_TASK REQUIREMENTS_
No pictures, please. Output the lines from the start of the data through the line that contains "Title (ebay affiliate", both included, exactly as they stand.
START INFORMATION SHOWN
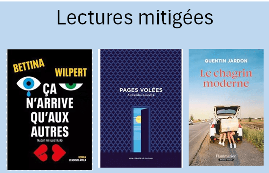 Beaucoup de livres ont été lus ce mois-ci, en grande partie pour la rentrée littéraire et les chroniques n’ont pas toutes été publiées à ce jour. Mais cela ne saurait tarder.
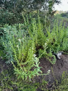 - If they recently were running around outside through areas of native vegetation, they likely came in contact with California Cudweed ((Pseudognaphalium californicum). The plant gives off a pleasant odor reminiscent of maple syrup.
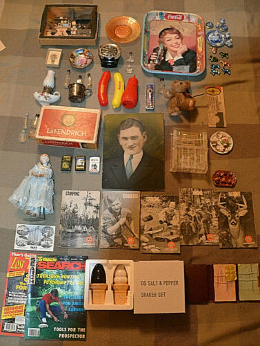 Title (ebay affiliate link): Vtg AnTiQue Cigar BoX JUNK DRAWER LOT Tea Set Clock bank coke Boy Scout oddSTUFF
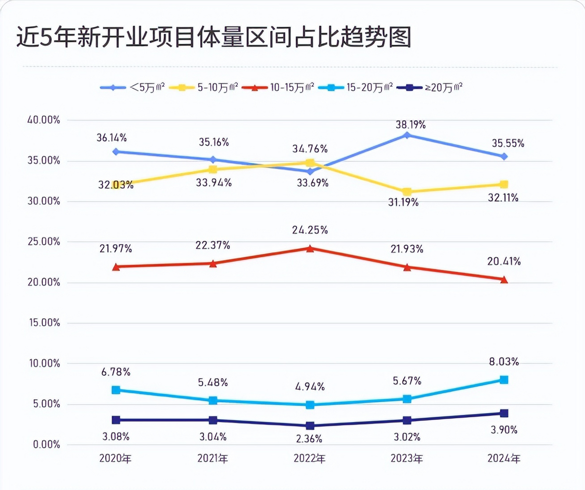 近五年新开业项目体量区间占比结构稳定
END INFORMATION SHOWN
_RESPONSE AREA_
 Beaucoup de livres ont été lus ce mois-ci, en grande partie pour la rentrée littéraire et les chroniques n’ont pas toutes été publiées à ce jour. Mais cela ne saurait tarder.
 - If they recently were running around outside through areas of native vegetation, they likely came in contact with California Cudweed ((Pseudognaphalium californicum). The plant gives off a pleasant odor reminiscent of maple syrup.
 Title (ebay affiliate link): Vtg AnTiQue Cigar BoX JUNK DRAWER LOT Tea Set Clock bank coke Boy Scout oddSTUFF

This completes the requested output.